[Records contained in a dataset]
-- -- --

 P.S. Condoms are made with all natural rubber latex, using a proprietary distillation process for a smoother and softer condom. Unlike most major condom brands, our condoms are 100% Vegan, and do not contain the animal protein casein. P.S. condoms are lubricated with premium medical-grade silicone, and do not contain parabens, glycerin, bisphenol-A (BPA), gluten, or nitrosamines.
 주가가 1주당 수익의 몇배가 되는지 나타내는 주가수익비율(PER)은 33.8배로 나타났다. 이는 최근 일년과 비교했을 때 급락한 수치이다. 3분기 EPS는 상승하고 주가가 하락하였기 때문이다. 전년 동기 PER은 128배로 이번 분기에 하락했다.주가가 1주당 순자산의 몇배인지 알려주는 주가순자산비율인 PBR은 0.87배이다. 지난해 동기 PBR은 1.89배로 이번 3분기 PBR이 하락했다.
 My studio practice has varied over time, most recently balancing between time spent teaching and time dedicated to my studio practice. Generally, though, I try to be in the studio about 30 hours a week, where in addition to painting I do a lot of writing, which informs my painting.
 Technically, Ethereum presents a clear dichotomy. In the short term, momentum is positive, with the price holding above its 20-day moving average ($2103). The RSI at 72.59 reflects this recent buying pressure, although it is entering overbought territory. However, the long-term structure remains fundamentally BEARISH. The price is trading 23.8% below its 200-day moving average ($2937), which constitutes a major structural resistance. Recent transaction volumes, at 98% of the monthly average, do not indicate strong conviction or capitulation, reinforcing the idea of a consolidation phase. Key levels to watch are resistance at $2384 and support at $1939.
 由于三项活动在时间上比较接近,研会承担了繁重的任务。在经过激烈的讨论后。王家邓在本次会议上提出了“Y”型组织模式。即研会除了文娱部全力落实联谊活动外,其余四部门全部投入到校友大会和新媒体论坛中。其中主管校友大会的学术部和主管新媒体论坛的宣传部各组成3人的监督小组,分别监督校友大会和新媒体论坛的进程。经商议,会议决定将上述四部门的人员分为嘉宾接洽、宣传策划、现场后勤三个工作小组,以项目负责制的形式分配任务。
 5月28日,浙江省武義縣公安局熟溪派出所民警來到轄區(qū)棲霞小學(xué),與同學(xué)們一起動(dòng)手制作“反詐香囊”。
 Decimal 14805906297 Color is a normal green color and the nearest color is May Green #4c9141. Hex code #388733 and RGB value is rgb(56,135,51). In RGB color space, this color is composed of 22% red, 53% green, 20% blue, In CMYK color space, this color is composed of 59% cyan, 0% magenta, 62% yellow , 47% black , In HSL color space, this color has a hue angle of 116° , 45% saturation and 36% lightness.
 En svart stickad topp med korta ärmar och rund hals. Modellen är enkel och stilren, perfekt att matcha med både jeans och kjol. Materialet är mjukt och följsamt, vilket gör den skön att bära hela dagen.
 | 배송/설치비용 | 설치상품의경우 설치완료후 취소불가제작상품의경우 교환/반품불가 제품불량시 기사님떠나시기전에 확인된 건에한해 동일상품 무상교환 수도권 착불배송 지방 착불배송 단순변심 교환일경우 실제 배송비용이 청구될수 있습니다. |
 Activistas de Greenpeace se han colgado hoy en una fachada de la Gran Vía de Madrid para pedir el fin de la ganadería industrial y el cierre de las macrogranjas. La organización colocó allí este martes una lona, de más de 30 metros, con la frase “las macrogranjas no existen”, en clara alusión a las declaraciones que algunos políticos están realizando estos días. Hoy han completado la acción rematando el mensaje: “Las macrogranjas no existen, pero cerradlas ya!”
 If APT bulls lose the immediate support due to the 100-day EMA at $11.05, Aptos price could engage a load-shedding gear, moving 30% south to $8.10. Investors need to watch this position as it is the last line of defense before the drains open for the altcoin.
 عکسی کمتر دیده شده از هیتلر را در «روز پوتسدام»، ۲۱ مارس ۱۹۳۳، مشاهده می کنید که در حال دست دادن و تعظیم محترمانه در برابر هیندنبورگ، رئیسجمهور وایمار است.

-- -- --

Directions:
Each record above is to be returned verbatim.

Response to the exercise:
 P.S. Condoms are made with all natural rubber latex, using a proprietary distillation process for a smoother and softer condom. Unlike most major condom brands, our condoms are 100% Vegan, and do not contain the animal protein casein. P.S. condoms are lubricated with premium medical-grade silicone, and do not contain parabens, glycerin, bisphenol-A (BPA), gluten, or nitrosamines.
 주가가 1주당 수익의 몇배가 되는지 나타내는 주가수익비율(PER)은 33.8배로 나타났다. 이는 최근 일년과 비교했을 때 급락한 수치이다. 3분기 EPS는 상승하고 주가가 하락하였기 때문이다. 전년 동기 PER은 128배로 이번 분기에 하락했다.주가가 1주당 순자산의 몇배인지 알려주는 주가순자산비율인 PBR은 0.87배이다. 지난해 동기 PBR은 1.89배로 이번 3분기 PBR이 하락했다.
 My studio practice has varied over time, most recently balancing between time spent teaching and time dedicated to my studio practice. Generally, though, I try to be in the studio about 30 hours a week, where in addition to painting I do a lot of writing, which informs my painting.
 Technically, Ethereum presents a clear dichotomy. In the short term, momentum is positive, with the price holding above its 20-day moving average ($2103). The RSI at 72.59 reflects this recent buying pressure, although it is entering overbought territory. However, the long-term structure remains fundamentally BEARISH. The price is trading 23.8% below its 200-day moving average ($2937), which constitutes a major structural resistance. Recent transaction volumes, at 98% of the monthly average, do not indicate strong conviction or capitulation, reinforcing the idea of a consolidation phase. Key levels to watch are resistance at $2384 and support at $1939.
 由于三项活动在时间上比较接近,研会承担了繁重的任务。在经过激烈的讨论后。王家邓在本次会议上提出了“Y”型组织模式。即研会除了文娱部全力落实联谊活动外,其余四部门全部投入到校友大会和新媒体论坛中。其中主管校友大会的学术部和主管新媒体论坛的宣传部各组成3人的监督小组,分别监督校友大会和新媒体论坛的进程。经商议,会议决定将上述四部门的人员分为嘉宾接洽、宣传策划、现场后勤三个工作小组,以项目负责制的形式分配任务。
 5月28日,浙江省武義縣公安局熟溪派出所民警來到轄區(qū)棲霞小學(xué),與同學(xué)們一起動(dòng)手制作“反詐香囊”。
 Decimal 14805906297 Color is a normal green color and the nearest color is May Green #4c9141. Hex code #388733 and RGB value is rgb(56,135,51). In RGB color space, this color is composed of 22% red, 53% green, 20% blue, In CMYK color space, this color is composed of 59% cyan, 0% magenta, 62% yellow , 47% black , In HSL color space, this color has a hue angle of 116° , 45% saturation and 36% lightness.
 En svart stickad topp med korta ärmar och rund hals. Modellen är enkel och stilren, perfekt att matcha med både jeans och kjol. Materialet är mjukt och följsamt, vilket gör den skön att bära hela dagen.
 | 배송/설치비용 | 설치상품의경우 설치완료후 취소불가제작상품의경우 교환/반품불가 제품불량시 기사님떠나시기전에 확인된 건에한해 동일상품 무상교환 수도권 착불배송 지방 착불배송 단순변심 교환일경우 실제 배송비용이 청구될수 있습니다. |
 Activistas de Greenpeace se han colgado hoy en una fachada de la Gran Vía de Madrid para pedir el fin de la ganadería industrial y el cierre de las macrogranjas. La organización colocó allí este martes una lona, de más de 30 metros, con la frase “las macrogranjas no existen”, en clara alusión a las declaraciones que algunos políticos están realizando estos días. Hoy han completado la acción rematando el mensaje: “Las macrogranjas no existen, pero cerradlas ya!”
 If APT bulls lose the immediate support due to the 100-day EMA at $11.05, Aptos price could engage a load-shedding gear, moving 30% south to $8.10. Investors need to watch this position as it is the last line of defense before the drains open for the altcoin.
 عکسی کمتر دیده شده از هیتلر را در «روز پوتسدام»، ۲۱ مارس ۱۹۳۳، مشاهده می کنید که در حال دست دادن و تعظیم محترمانه در برابر هیندنبورگ، رئیسجمهور وایمار است.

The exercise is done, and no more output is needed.